One tends to learn a lot when digging into the history behind a vintage postcard, or Victorian trade card. In this case, I learned about the break-up of a monopoly that had me remembering the break-up of Ma Bell (telephone) 25 years ago.
Biggest Plug Chewing Tobacco Producer
(L&M) of St. Louis was started by John Liggett (who’s grandfather’s New Jersey snuff mill was burnt down by British soldiers) and George Smith Myers in 1873. By 1885, it had become the biggest producer of plug chewing tobacco in the world.

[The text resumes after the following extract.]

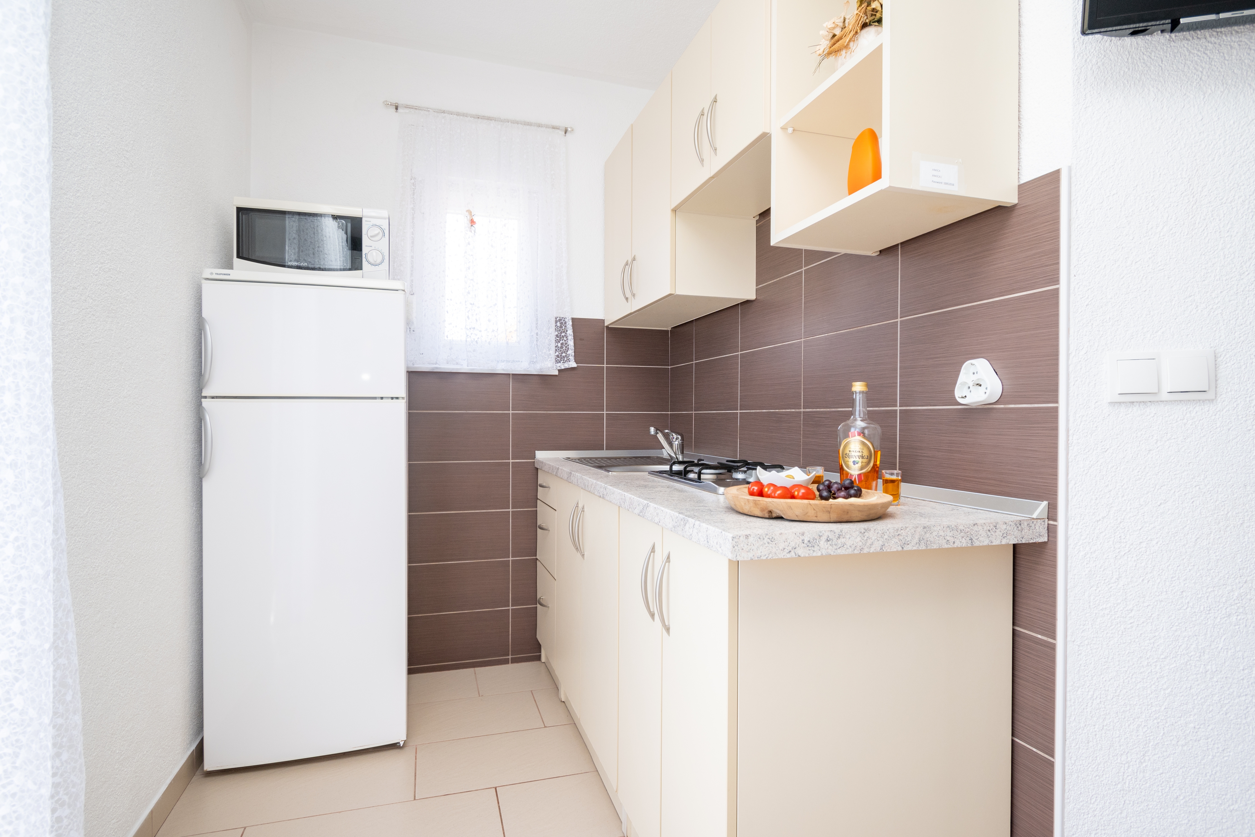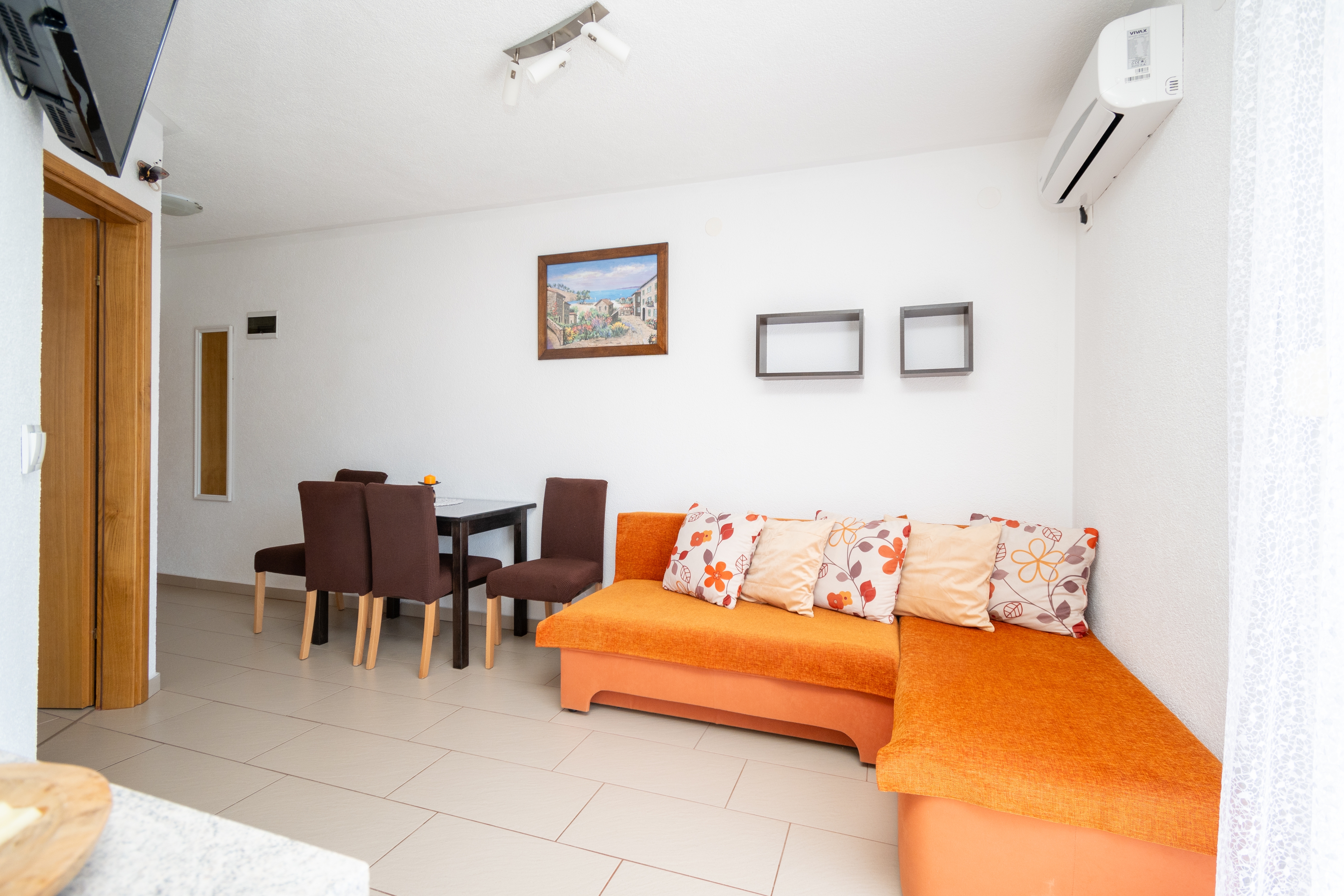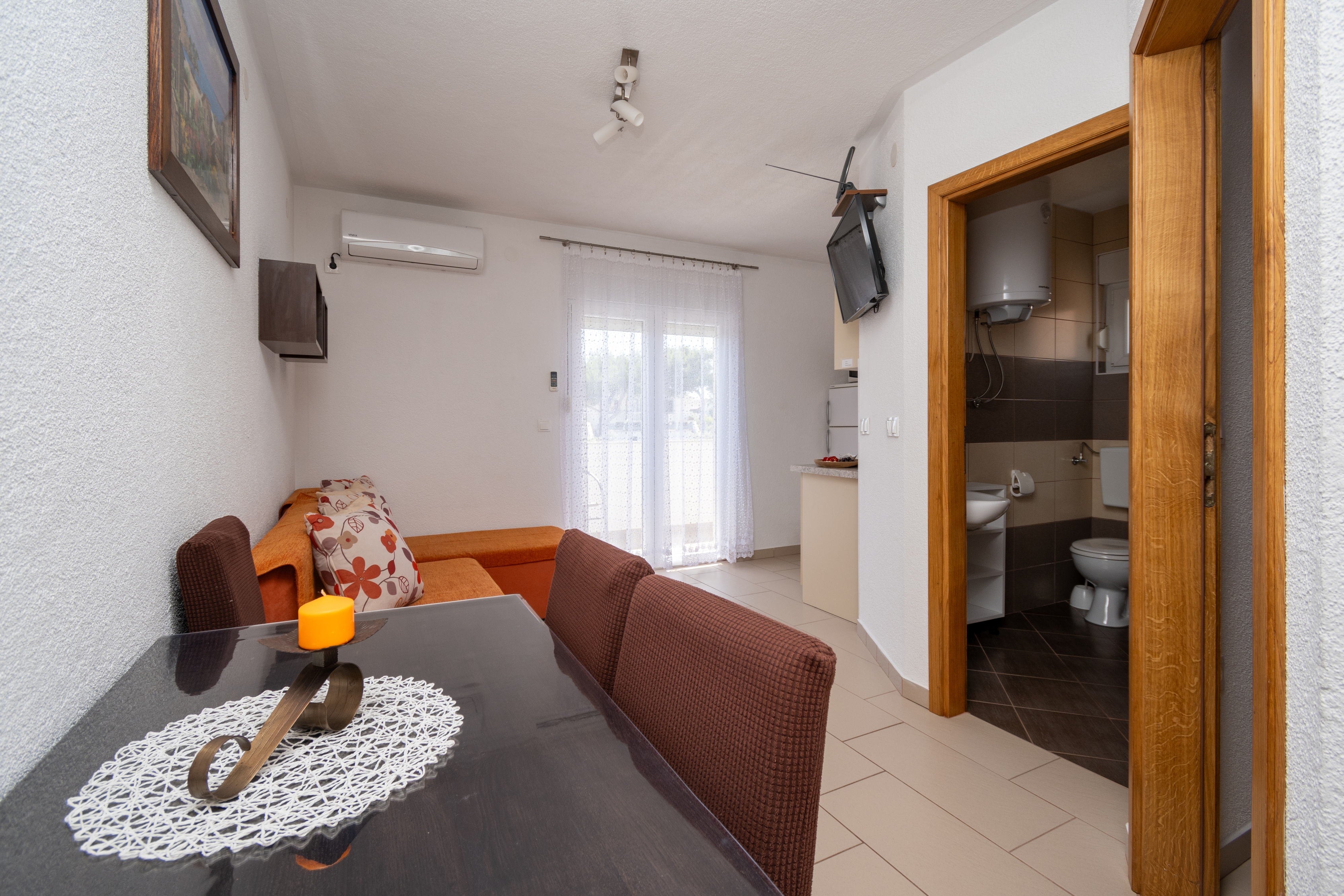 Apartament może przyjąć 3 gości. Łóżka znajdują się w sypialniach, których jest 1, oraz w pokoju dziennym, na powierzchni 32m2. Goście mają dostęp do balkonu, by korzystać z ciepłych, letnich wieczorów. Z apartamentu roztacza się widok na morze. Możliwość przygotowywania posiłków poprzez korzystanie ze wspólnego grilla. WLICZONE W CENĘ: taksa pobytowa, sprzątanie końcowe, klimatyzacja, parking, internet. OBOWIĄZKOWE KOSZTY DODATKOWE: dopłata za krótki termin (procent dopłaty w zalezności od liczby noclegów: 30% - 1, 20% - 2, 10% - 3). Dostępność dodatkowych usług w rezerwowanym terminie oraz ich cenę (jeśli nie jest podana) należy sprawdzić wcześniej. Za dodatowe usługi, które nie zostały uwzględnione w kalkulacji ceny, płaci się bezpośrednio właścicielowi obiektu, pod warunkiem śe gość korzysta z tych usług.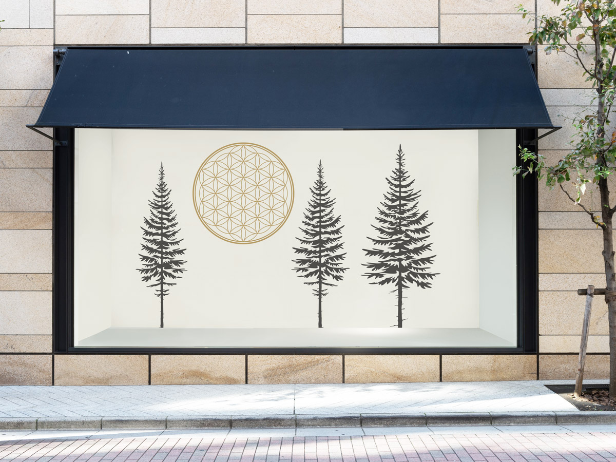 Nicht nur im Schaufenster top: Die Blume des Lebens mit Tannenbäumen kombiniert

American Tobacco Company Monopoly Formed
Meanwhile, the Bull Durham Tobacco Company grew into the leading cigarette maker (and chief competitor of L&M) in the US. James B. Duke of Durham Tobacco, created the American Tobacco Company from five leading cigarette companies. After John Liggett died in 1897, L&M became part of the ATC. Makes me wonder what John Liggett’s position on the formation of the ATC was if James Duke couldn’t obtain L&M until after John’s death.
ATC Monopoly Broken Up
A little over 10 years later, the ATC ran afoul of The Supreme Court. It found ATC guilty of violating the Sherman Antitrust Act (an act designed to prevent business monopolies) in 1911. As a result, the ATC was divided into four companies: the American Tobacco Company, Liggett & Myers Tobacco, P. Lorillard, and R.J. Reynolds (name sound familiar?). L&M was on it’s own again.